▶ **Data excerpts**:
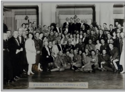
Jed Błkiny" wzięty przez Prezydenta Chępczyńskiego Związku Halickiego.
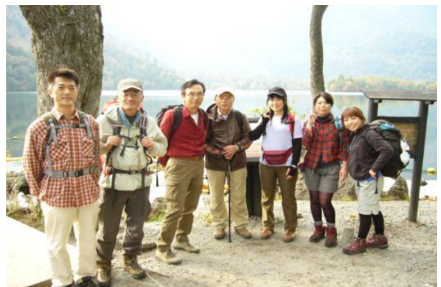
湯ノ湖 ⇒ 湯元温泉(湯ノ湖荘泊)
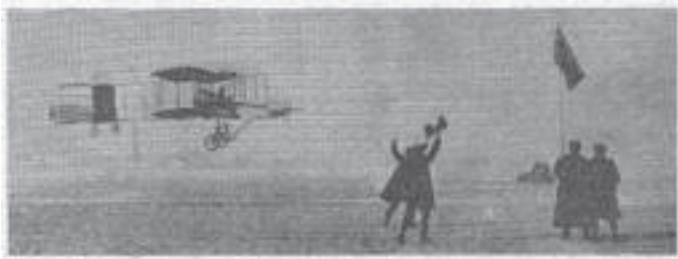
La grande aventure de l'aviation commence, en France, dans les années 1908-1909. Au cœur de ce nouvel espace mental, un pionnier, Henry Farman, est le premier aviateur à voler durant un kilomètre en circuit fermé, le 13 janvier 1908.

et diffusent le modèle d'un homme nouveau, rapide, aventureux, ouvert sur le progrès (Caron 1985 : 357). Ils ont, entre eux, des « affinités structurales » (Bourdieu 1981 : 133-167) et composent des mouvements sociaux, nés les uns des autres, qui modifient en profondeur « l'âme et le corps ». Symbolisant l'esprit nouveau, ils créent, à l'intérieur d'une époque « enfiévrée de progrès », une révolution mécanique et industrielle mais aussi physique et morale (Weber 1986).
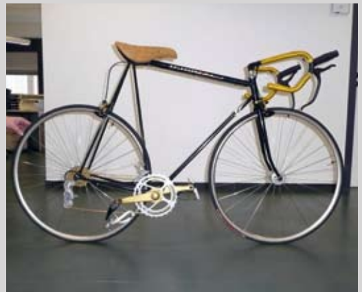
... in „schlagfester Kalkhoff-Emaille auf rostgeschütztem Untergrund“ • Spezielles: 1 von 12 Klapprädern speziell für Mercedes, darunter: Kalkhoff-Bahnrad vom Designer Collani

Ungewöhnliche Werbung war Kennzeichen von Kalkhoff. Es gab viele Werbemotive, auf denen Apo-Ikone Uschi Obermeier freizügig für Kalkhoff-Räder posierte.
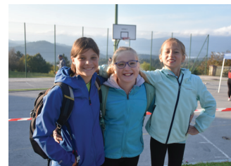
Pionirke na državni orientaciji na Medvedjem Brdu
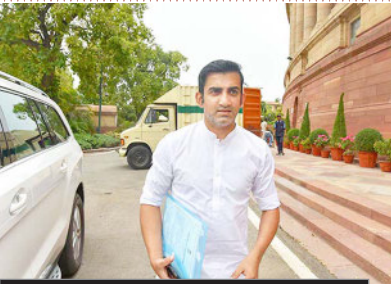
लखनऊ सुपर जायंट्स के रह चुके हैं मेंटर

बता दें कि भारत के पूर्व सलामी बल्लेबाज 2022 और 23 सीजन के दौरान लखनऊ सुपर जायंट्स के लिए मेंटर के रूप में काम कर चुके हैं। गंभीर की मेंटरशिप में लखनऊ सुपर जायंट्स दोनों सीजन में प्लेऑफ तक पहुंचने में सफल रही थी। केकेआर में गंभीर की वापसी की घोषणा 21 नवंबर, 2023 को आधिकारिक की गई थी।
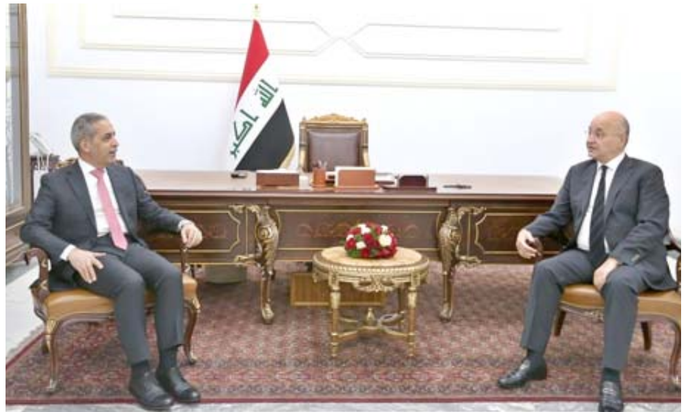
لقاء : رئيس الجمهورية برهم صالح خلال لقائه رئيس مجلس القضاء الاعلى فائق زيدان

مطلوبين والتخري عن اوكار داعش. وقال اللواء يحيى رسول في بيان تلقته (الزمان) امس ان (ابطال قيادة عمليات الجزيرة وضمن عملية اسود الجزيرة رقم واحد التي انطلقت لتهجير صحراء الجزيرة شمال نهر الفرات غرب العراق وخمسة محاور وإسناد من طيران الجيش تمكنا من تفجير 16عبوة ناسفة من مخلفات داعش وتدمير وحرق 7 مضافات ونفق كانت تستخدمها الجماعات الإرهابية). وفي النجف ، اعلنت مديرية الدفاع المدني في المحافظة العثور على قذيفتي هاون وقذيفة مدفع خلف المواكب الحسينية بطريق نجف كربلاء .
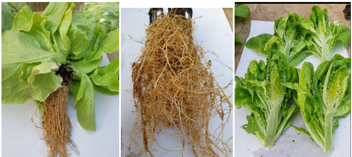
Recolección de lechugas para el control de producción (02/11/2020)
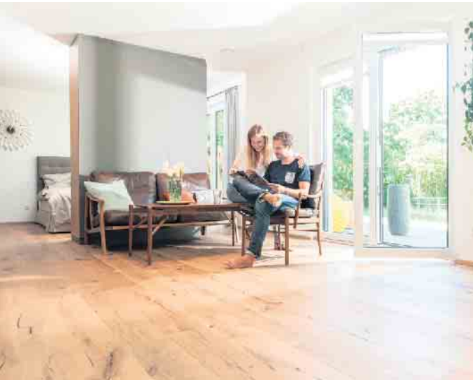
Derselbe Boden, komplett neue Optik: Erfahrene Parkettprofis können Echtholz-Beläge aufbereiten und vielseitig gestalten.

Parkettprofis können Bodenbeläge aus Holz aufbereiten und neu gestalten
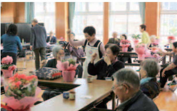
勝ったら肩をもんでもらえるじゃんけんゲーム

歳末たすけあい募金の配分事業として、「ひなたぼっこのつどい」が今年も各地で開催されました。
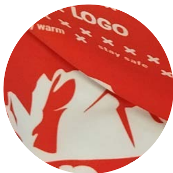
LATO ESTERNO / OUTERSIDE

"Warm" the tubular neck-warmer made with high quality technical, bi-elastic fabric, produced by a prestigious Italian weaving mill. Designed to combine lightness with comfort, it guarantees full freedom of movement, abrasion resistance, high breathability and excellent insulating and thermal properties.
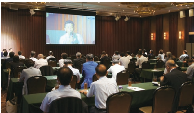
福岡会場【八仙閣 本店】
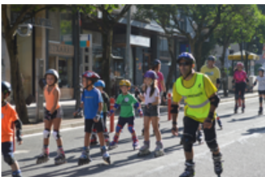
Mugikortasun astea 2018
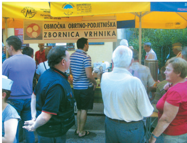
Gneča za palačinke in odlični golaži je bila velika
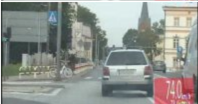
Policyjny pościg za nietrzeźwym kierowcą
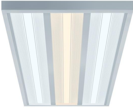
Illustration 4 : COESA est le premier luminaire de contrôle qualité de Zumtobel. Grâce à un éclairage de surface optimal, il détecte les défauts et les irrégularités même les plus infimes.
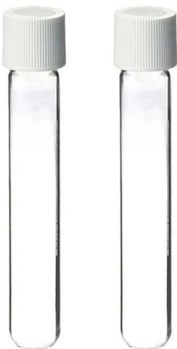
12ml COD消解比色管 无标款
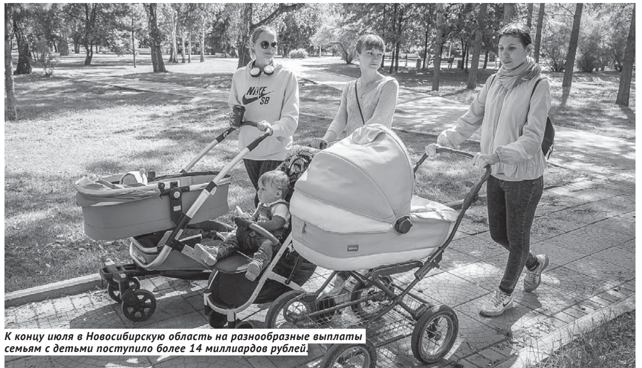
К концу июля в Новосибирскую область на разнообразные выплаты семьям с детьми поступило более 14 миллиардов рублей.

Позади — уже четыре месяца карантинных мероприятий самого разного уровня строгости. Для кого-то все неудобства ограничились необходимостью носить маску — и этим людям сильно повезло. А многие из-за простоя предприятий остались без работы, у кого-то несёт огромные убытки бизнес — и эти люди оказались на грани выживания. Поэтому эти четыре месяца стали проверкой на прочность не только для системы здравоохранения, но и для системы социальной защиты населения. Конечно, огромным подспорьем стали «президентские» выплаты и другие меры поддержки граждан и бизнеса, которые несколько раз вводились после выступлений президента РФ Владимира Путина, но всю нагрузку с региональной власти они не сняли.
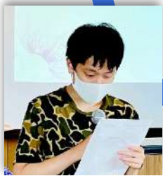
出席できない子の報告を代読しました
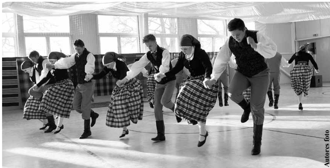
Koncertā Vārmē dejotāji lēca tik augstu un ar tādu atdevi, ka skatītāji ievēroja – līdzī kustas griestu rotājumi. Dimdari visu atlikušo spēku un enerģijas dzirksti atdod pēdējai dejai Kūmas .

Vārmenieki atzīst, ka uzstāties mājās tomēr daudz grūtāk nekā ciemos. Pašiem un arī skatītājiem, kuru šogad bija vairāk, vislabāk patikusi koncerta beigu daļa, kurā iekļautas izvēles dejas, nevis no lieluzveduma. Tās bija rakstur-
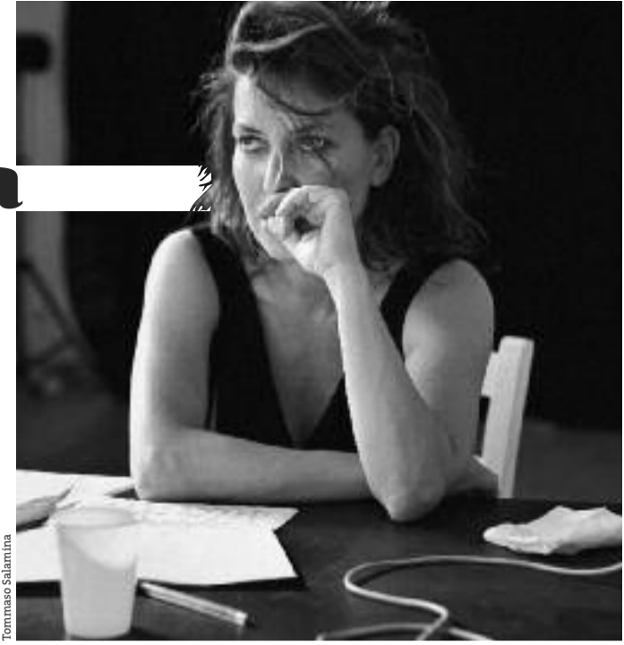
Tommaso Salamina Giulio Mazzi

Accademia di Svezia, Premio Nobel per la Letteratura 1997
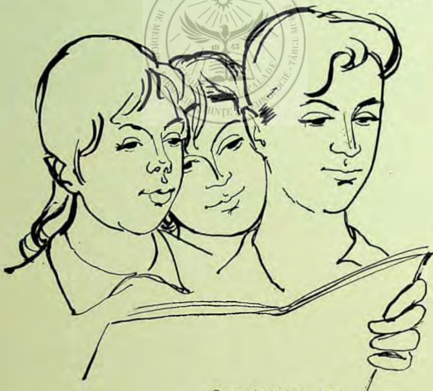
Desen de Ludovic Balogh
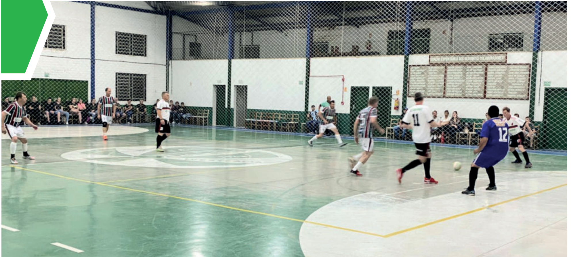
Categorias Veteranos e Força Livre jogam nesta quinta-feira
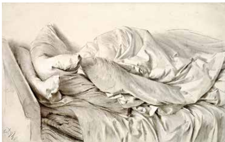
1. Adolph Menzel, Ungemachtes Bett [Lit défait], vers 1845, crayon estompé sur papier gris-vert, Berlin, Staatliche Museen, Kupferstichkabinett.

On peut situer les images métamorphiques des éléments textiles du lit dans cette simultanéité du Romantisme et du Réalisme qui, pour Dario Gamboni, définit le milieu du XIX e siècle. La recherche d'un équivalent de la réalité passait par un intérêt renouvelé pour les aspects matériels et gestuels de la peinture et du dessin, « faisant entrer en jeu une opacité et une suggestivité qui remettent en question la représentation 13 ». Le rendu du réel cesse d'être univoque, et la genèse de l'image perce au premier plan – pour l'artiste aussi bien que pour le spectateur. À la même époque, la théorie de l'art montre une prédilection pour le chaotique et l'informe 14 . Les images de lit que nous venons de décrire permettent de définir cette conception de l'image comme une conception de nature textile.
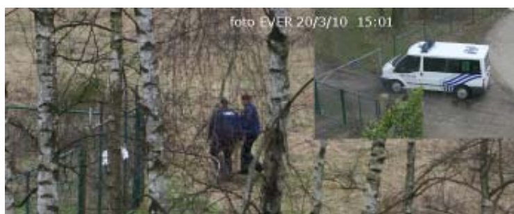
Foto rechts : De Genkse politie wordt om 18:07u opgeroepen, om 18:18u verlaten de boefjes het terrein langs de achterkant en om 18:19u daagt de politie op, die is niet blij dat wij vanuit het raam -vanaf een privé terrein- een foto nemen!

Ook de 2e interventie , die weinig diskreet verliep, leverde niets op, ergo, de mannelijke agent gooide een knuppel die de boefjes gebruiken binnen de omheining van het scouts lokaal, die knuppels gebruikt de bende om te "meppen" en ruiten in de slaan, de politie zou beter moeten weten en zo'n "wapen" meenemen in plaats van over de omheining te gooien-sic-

▶ **Problem details**: Report each line above that includes the string "même".

▶ **Solution to the problem**:
Illustration 4 : COESA est le premier luminaire de contrôle qualité de Zumtobel. Grâce à un éclairage de surface optimal, il détecte les défauts et les irrégularités même les plus infimes.
On peut situer les images métamorphiques des éléments textiles du lit dans cette simultanéité du Romantisme et du Réalisme qui, pour Dario Gamboni, définit le milieu du XIX e siècle. La recherche d'un équivalent de la réalité passait par un intérêt renouvelé pour les aspects matériels et gestuels de la peinture et du dessin, « faisant entrer en jeu une opacité et une suggestivité qui remettent en question la représentation 13 ». Le rendu du réel cesse d'être univoque, et la genèse de l'image perce au premier plan – pour l'artiste aussi bien que pour le spectateur. À la même époque, la théorie de l'art montre une prédilection pour le chaotique et l'informe 14 . Les images de lit que nous venons de décrire permettent de définir cette conception de l'image comme une conception de nature textile.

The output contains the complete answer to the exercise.